**EXERCISE OBJECTIVE**
Say how many lines in the material below contain the word "exception", giving the number alone.

======== PROVIDED RECORDS ========

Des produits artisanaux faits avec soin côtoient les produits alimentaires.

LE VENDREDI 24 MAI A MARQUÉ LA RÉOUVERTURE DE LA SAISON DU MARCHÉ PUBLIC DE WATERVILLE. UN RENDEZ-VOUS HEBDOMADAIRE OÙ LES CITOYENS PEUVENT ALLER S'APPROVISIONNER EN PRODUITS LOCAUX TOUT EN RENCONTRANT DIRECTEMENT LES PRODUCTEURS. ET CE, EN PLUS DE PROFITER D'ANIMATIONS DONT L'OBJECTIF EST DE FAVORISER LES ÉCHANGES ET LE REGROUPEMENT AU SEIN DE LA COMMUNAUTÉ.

========
======== PROVIDED RECORDS ========

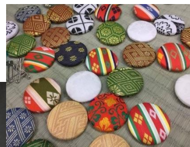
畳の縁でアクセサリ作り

========
======== PROVIDED RECORDS ========

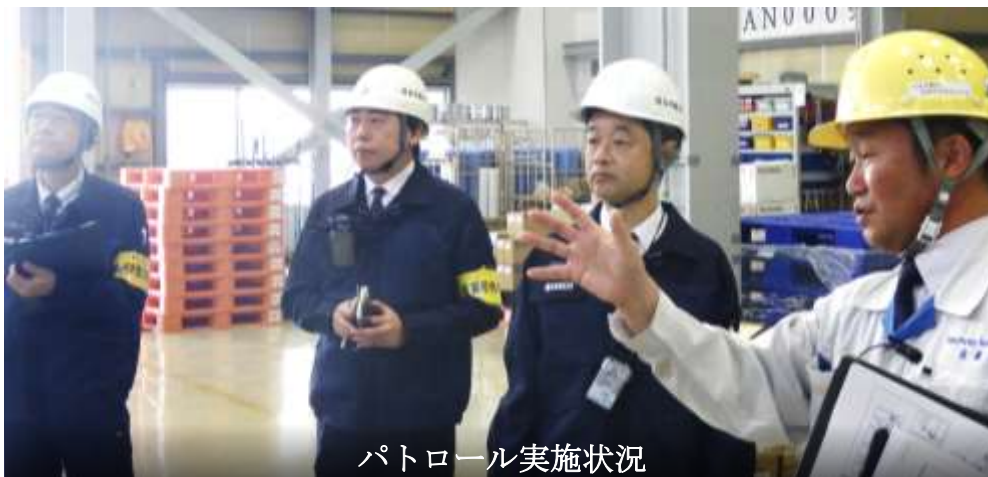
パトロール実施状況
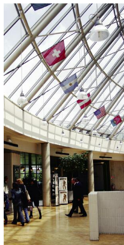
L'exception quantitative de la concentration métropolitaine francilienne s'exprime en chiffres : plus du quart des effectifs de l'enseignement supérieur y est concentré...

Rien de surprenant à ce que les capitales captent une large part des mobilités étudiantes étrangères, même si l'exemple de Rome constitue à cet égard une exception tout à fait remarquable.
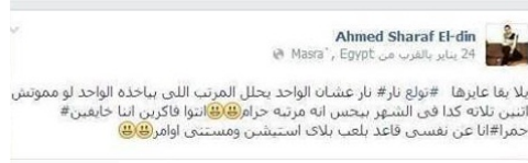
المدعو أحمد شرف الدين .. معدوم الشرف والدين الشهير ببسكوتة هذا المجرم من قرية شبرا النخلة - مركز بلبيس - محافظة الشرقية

========

**EXPECTED OUTPUT**
2